The organic material is then supplied to the tube worm through its
circulatory system and serves as the main nutritional source for the
tissue cells.
The Tube Worm—Bacterial Relationship.
(a) A community of tube worms (Riftia pachyptila) at the Galapagos Rift hydrothermal vent site (depth
2,550 m).
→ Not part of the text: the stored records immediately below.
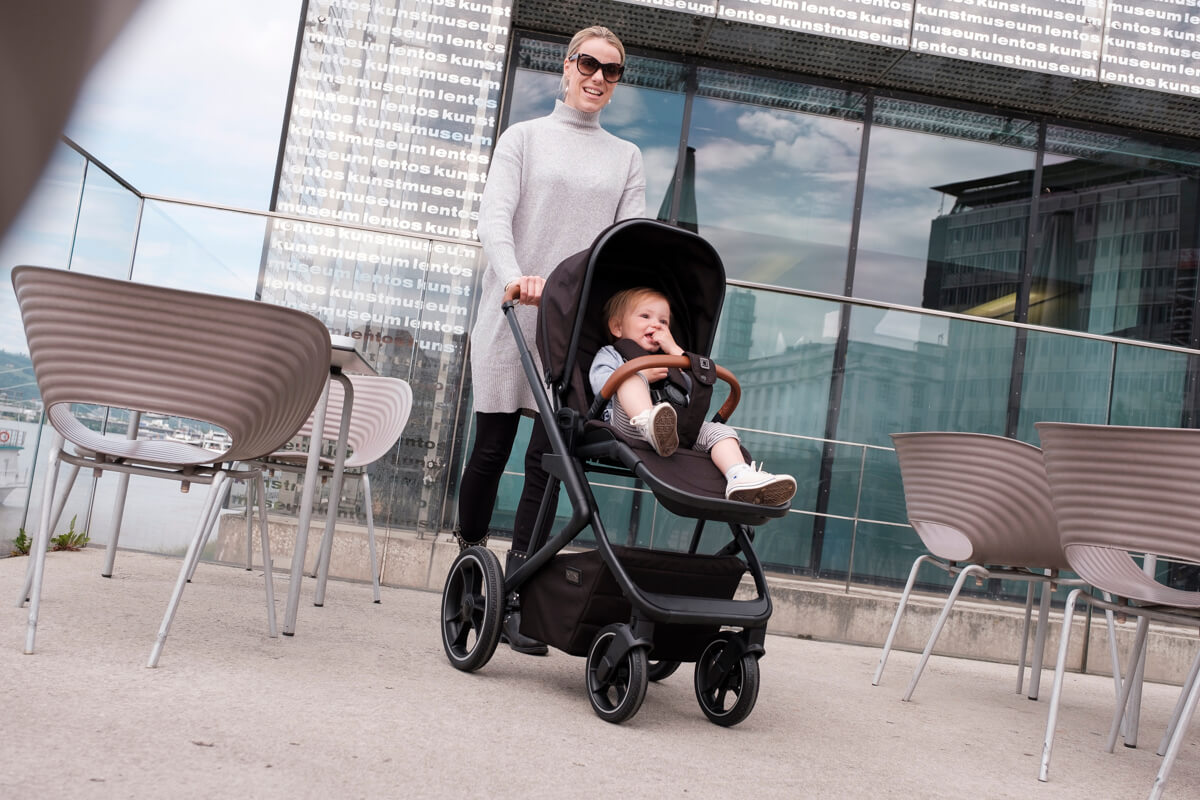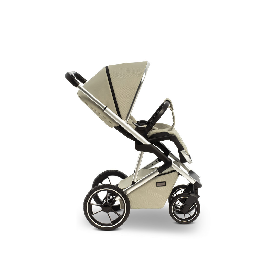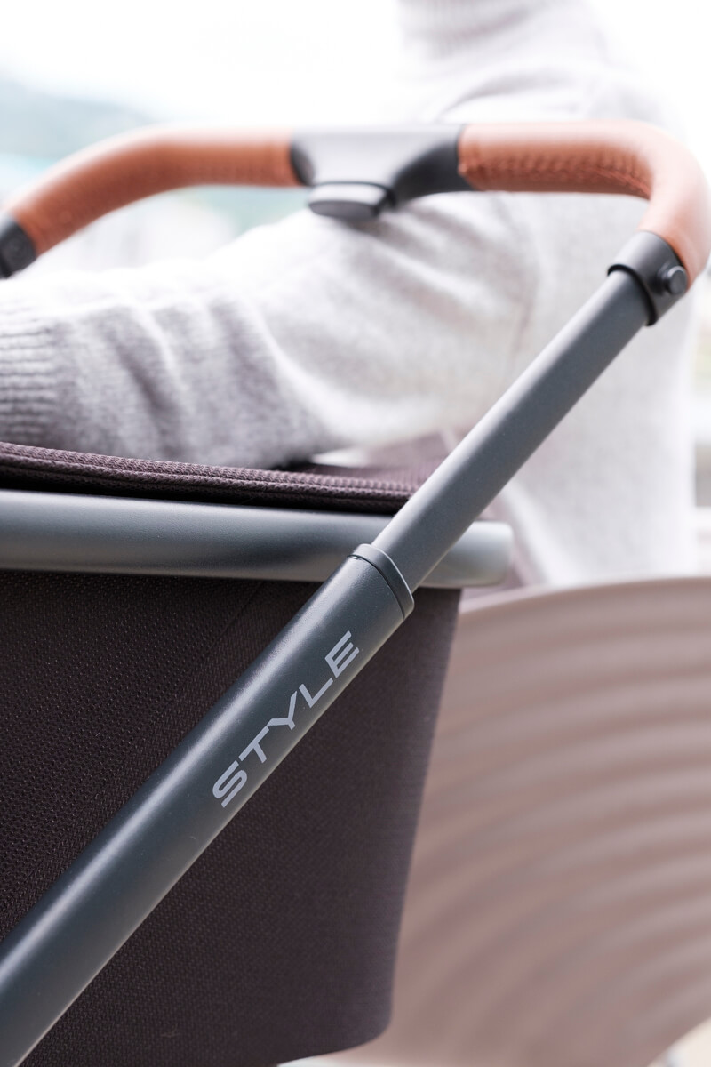 Рама коляски выполнена из алюминия и отличается надежность и практичностью. У коляски очень простое и компактное сложение с удобной фиксацией колес, чтобы они не мешались при транспортировке. Это первая коляска Moon с закрытой на молнии корзиной для покупок. У нее очень большой внутренний размер, что позволит взять на прогулку все, что необходимо. Для удобного управления родителям любого роста предусмотрена телескопическая ручка из приятной качественной эко кожи. Большое внимание в этой модели уделено проходимости коляски, для этого предусмотрены большие колеса из материала шин авто и отличная амортизация.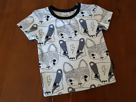 Kesäkuun lopussa vaihdeltiin taas kuukausittaista ompeluvaihtopakettia. Verson puodin kuosittama t-paita Myyry-kaavalla sai parikseen Kangaskapinam harmaasta collegesta Ottobren (4/17) Funny legs -kaavalla tehdyt housut.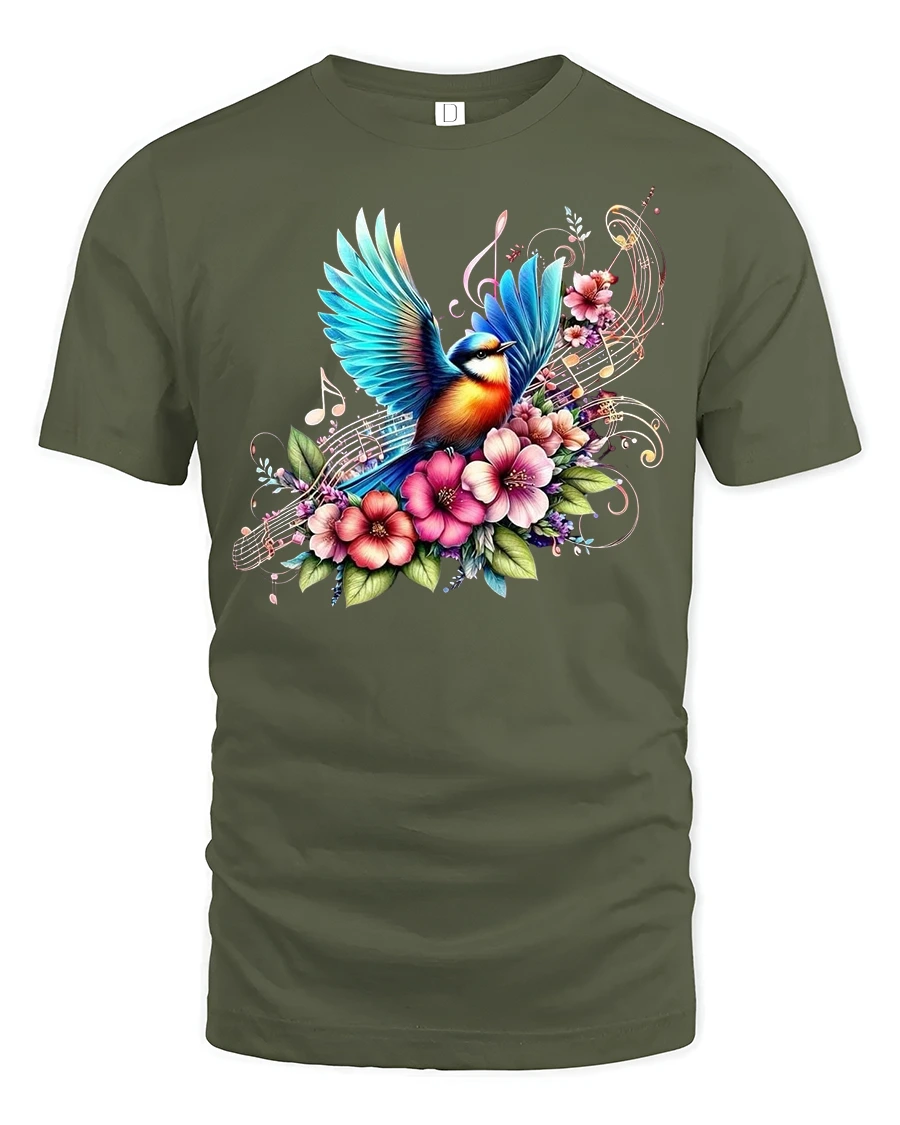 Colorful Songbird and Floral Music Notes Graphic Tee is a stunning blend of nature and melody that instantly brightens up your wardrobe. This eye-catching design features a vibrant bird in flight, surrounded by blooming flowers and flowing musical notes, creating a unique artistic masterpiece.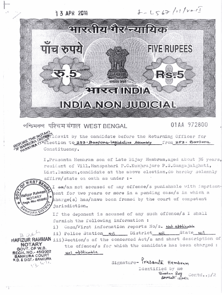 T1 3 APR 20119tP55\'TGI II c1WEST BENGALr1/1/001 AA 972800,14 davits by the candidate before the Returning Officer for from 26.3 over c)P Golgi!election to 255. Pandora. liettiArdive Assembly Constituency.

Each worm is more than a meter in length and has a 20 cm gill plume. (b, c) Schematic
illustration of the anatomical and physiological organization of the tube worm. The animal is anchored
inside its protective tube by the vestimentum. At its anterior end is a respiratory gill plume. Inside the
trunk of the worm is a trophosome consisting primarily of endosymbiotic bacteria, associated cells,
and blood vessels. At the posterior end of the animal is the opisthosome, which anchors the worm in
its tube. (d) Oxygen, carbon dioxide, and hydrogen sulfide are absorbed through the gill plume and
transported to the blood cells of the trophosome. Hydrogen sulfide is bound to the worm’s
hemoglobin (HSHbO2) and carried to the endosymbiont bacteria. The bacteria oxidize the hydrogen
sulfide and use some of the released energy to fix CO2 in the Calvin cycle. Some fraction of the
reduced carbon compounds synthesized by the endosymbiont is translocated to the animal’s tissues.